Search the listing for the word "jewelry". Copy every line where it is found.

Segment Start: Provided information

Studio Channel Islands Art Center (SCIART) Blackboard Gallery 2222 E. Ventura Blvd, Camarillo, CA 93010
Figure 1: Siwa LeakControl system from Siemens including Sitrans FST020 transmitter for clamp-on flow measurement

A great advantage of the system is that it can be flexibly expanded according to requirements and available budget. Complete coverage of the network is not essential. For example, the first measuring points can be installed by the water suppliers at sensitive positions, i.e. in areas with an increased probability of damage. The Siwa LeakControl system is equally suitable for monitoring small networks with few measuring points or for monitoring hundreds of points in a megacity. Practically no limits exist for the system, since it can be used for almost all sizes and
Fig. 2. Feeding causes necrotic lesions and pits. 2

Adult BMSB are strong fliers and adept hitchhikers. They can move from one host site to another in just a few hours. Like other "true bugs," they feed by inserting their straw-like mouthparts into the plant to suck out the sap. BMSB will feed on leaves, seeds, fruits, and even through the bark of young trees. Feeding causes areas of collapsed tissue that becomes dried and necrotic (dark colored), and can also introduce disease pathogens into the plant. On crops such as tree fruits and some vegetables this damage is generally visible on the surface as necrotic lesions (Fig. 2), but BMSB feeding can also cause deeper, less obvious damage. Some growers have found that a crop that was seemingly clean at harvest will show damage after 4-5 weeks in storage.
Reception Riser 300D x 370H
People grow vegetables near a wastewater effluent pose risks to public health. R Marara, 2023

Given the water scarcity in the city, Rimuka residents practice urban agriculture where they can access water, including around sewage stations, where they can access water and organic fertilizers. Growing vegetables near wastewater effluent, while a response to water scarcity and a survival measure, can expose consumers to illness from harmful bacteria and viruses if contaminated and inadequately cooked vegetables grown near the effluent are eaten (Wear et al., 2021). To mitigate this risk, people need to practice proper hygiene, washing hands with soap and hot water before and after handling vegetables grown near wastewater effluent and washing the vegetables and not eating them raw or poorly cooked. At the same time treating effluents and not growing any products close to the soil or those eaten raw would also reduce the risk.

Segment End: Provided information
Segment Start: Provided information

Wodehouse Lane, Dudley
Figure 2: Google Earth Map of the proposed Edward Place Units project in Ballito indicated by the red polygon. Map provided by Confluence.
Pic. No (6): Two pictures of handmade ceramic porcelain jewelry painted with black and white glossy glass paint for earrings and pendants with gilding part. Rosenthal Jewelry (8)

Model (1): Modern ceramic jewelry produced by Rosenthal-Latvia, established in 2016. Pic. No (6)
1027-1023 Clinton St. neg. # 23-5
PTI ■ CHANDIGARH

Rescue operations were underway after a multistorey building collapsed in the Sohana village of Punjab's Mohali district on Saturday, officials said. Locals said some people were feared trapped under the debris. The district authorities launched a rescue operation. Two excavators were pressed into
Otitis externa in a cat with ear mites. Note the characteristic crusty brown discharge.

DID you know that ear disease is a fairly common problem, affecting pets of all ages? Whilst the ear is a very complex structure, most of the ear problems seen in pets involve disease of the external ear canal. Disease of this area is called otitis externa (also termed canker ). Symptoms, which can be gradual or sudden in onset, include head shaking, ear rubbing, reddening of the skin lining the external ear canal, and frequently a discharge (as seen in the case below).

Segment End: Provided information

▶ [Solution to the problem]:
Pic. No (6): Two pictures of handmade ceramic porcelain jewelry painted with black and white glossy glass paint for earrings and pendants with gilding part. Rosenthal Jewelry (8)
Model (1): Modern ceramic jewelry produced by Rosenthal-Latvia, established in 2016. Pic. No (6)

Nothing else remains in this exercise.